Respect for the tsar continued to decline throughout the following year. Rumours spread throughout society about the pernicious influence and even defeatist or treasonous inclinations of Empress Alexandra and Rasputin, along with ministers and generals with German names. The tsar's rule had always depended to a certain degree upon the respect and dignity of his title and person. By late 1916, the tsar and court had become a laughing-stock. While no solid evidence of treason or even probes for a separate peace by Alexandra, Rasputin or others at court has surfaced, it is clear that they influenced ministerial appointments from late 1915 through the end of 1916 and successfully pushed the wavering tsar to abandon competent moderate ministers willing to work with Zemgor, the War Industries Councils and the Progressive Bloc. The rumours about Alexandra and Rasputin help to explain the sensational response to Miliukov's speech in the Duma in November 1916, in which he directly accused the government of treason. Shortly thereafter, political actors of all persuasions began to take increasingly radical steps against the monarchy in the name ofthe nation and the war effort. Symbolic of this turn was the assassination of Rasputin by the leader of the extreme Right in the Duma, Vladimir Purishkevich, with the assistance of two relatives of the tsar: F. F. Iusupov and the Grand Duke Dmitrii Pavlovich.
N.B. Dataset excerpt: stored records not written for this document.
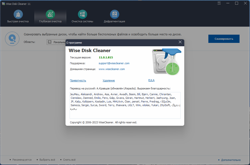 Wise Disk Cleaner поддерживает десятки языков (в руководстве перечисляется набор и отдельно упоминается, что список включает русский).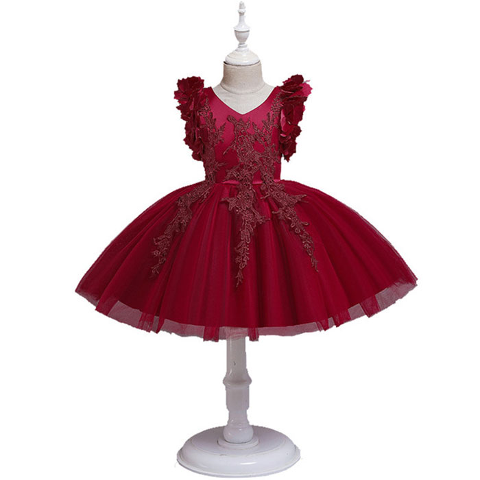 女の子 ドレス キッズ ジュニア ドレス 子供ドレス 花柄レースワンピース 110 120 130 140 150 160白 赤青 灰 ピンク ワインレッド 結婚式 ピアノ発表会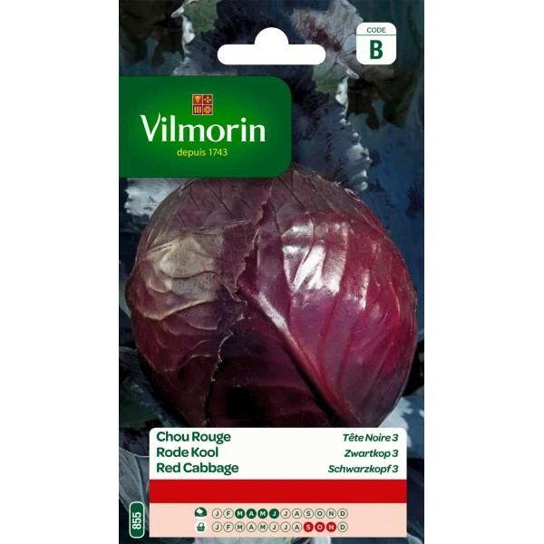 Deze klassieke variëteit Rode Kool Zwartkop 3 vormt middelgrote en zeer vaste kroppen met een donkerrode kleur. Goede variëteit met een uitgesproken maar aangename smaak.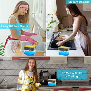 INSTANT 2 IN 1 DISPENSER + CADDY, ONE HAND OPERATION, COMPACT ORGANIZATION: Sink dispenser with attached caddy holds sponges, scrubbers, rags, scouring pads in one convenient place while keeping water off of kitchen counters. NO Messy Spills, Dripping or Trailing.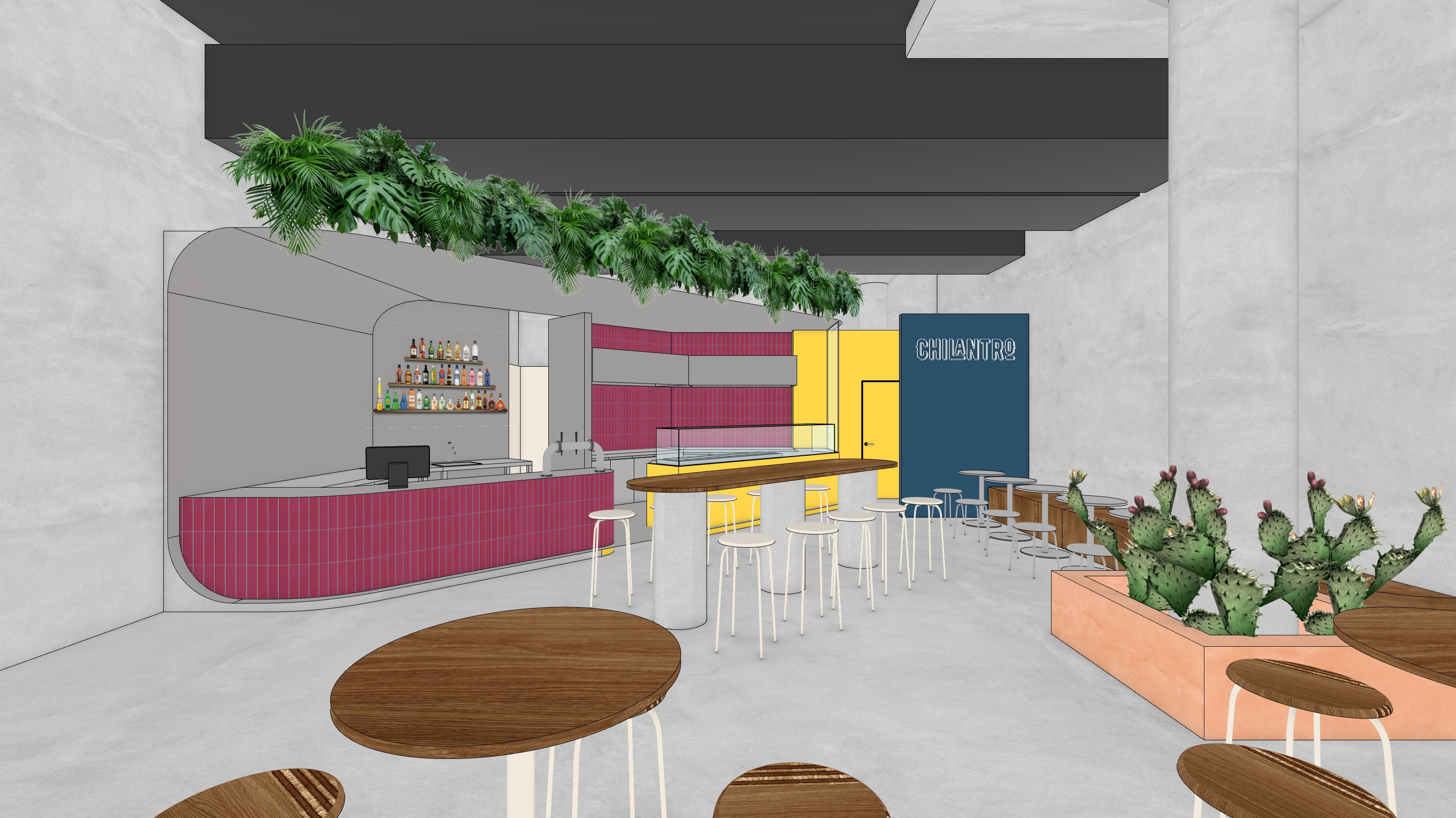 cozy contemporary urban mexican colorful bistro and bar keep original geometry add cactuses into terracota planter around the pillar grey surface surrounding counter is stainless steel replace lights add missing chairs by high tables landscape aspect ratio add mexican contemporary artwork on walls add pillows behind seating on the right side populate with people the magenta counter is made of small matte vertical ceramic tiles in the same colour add light bulb chains hvac under ceiling stays black as in second reference image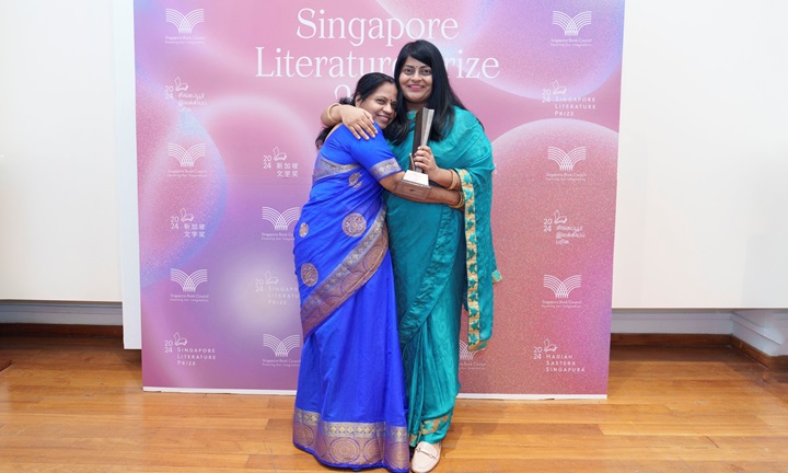 Dr Prasanthi Ram with her mother at the Singapore Literature Prize 2024 ceremony.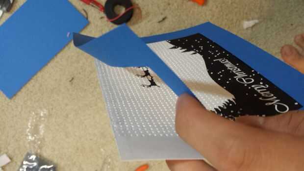 A continuación, utiliza el pegamento caliente y colocar una capa alrededor del borde de la cartulina. Esto se utilizará más tarde para mantener bajo el envoltorio plástico en el paso 6. Luego establecer algunos más pegamento alrededor del área del árbol. Ayudará a contener la luz LED verde y evitar la propagación tanto en el fondo.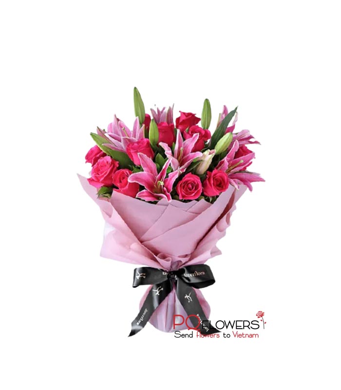 Radiant Pink -Roses and Lilies Bouquet 7436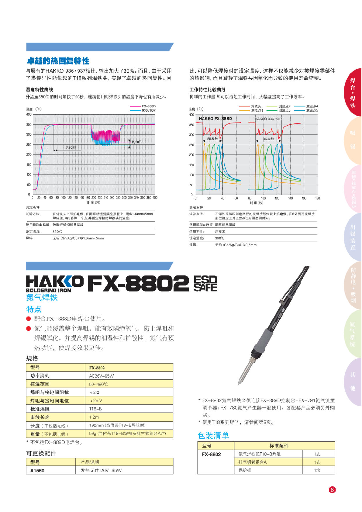 卓越 的热回 复特性 与 原有的 HAKKO 936 ・ 937 相比, 输出 加大了 30%。 而且, 由 于采用 了热传 导性能 优越的 T18 系列焊 铁头, 实现 了卓越 的热回 复性。 因 温度特 性曲线 升温至 350℃ 的时间 加快了 20 秒, 连 续使用 时焊铁 头的温 度下降 也有所 减少。 温度 (℃) FX-888D 936/937 测 定条件 试验 方法: 在 焊铁头 上装热 电偶, 在酚醛 纸镀铜 膜叠层 板…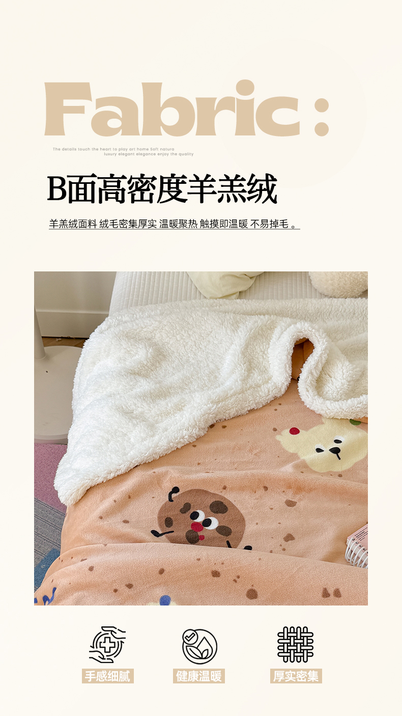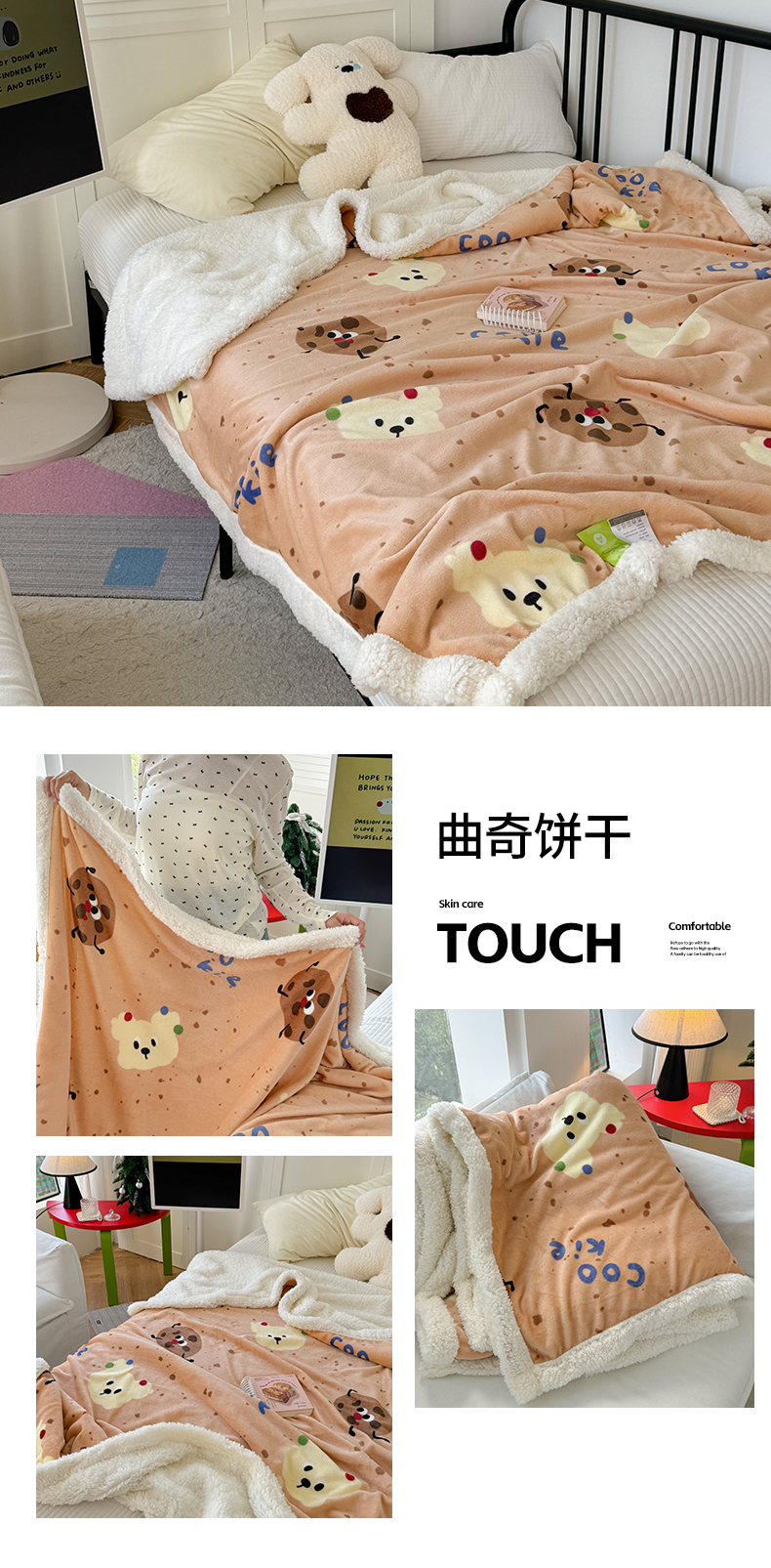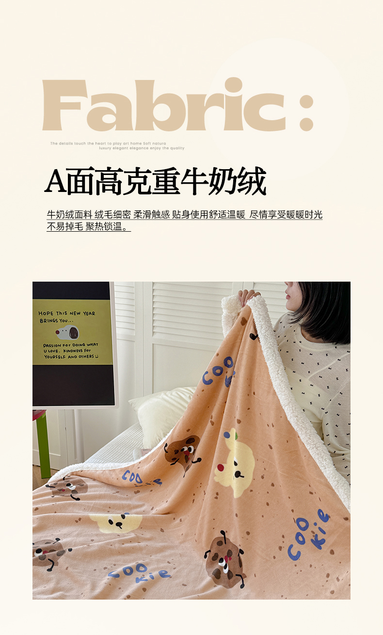 商品名称:吉象家纺 2024新款高克重牛奶绒羊羔绒印花毛毯 曲奇饼干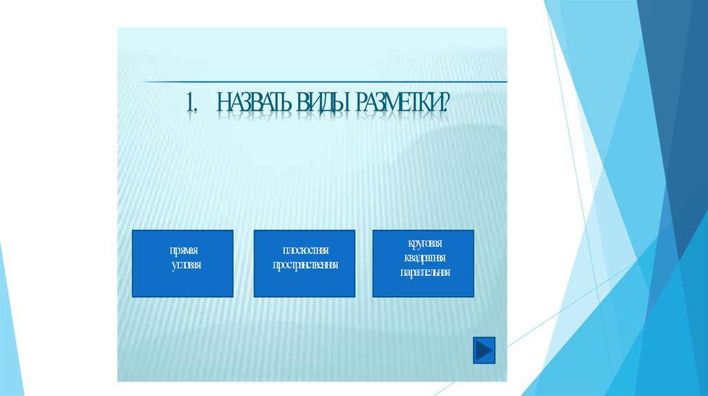 1. НАЗВАТЬ ВИДЫ РАЗМЕТКИ?прямая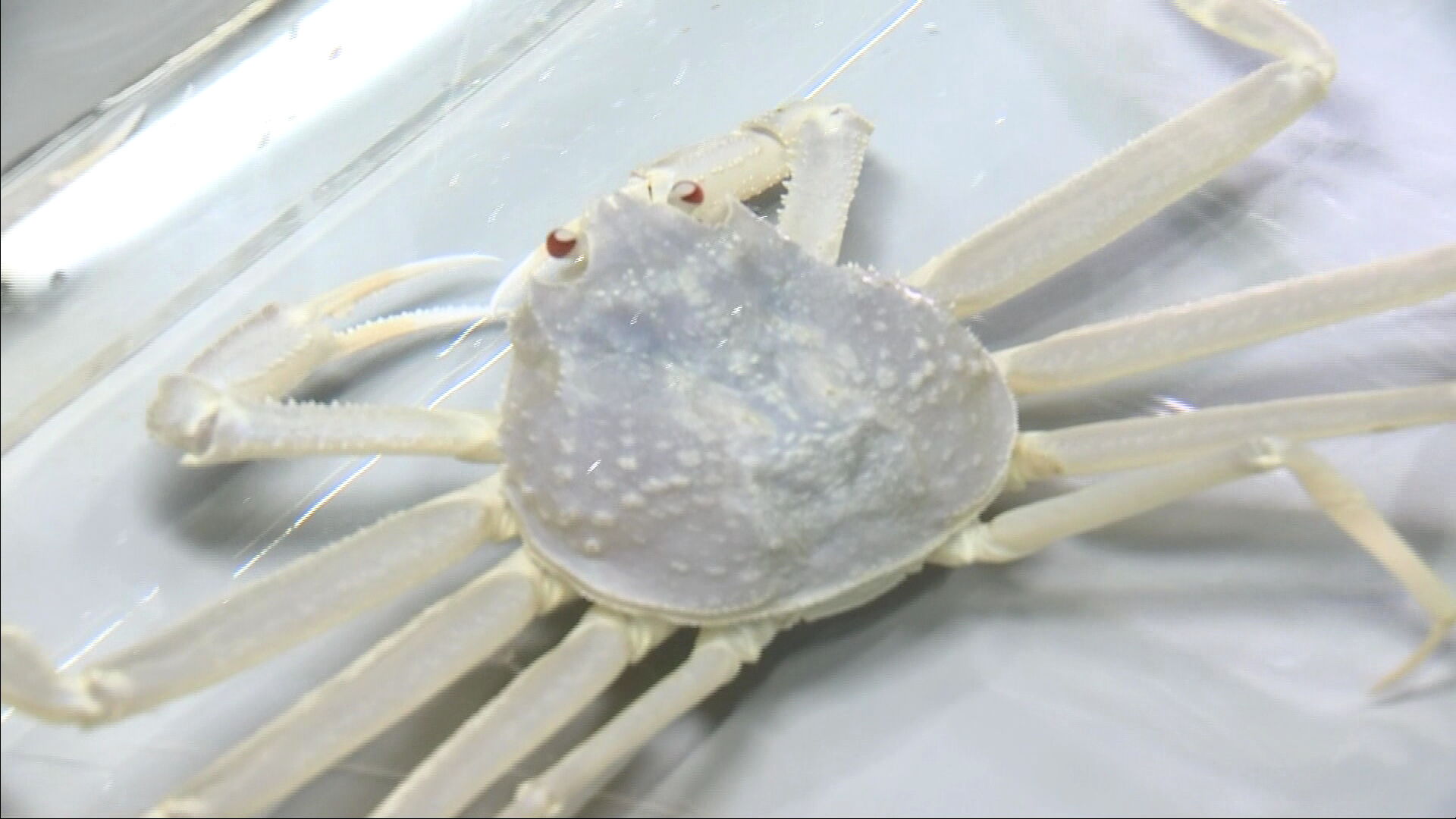豊岡市の城崎マリンワールドでは、全身が白い珍しいズワイカニが展示されています。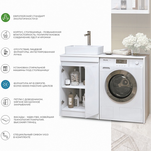 Vigo Тумба с раковиной Urban 600-2-0 со столешницей под стиральную машину белая

By the end of 1916, the monarchy had become fully discredited among liberal and conservative elites alike. At the same time, quasi-governmental organisations headed by liberal politicians had gradually taken over many key elements of the domestic war effort. This dual process - disintegration at the top and the coalescence of opposition from below - drove the politics of the February Revolution and made possible the decisive third step in the revolution, from mutiny to regime change.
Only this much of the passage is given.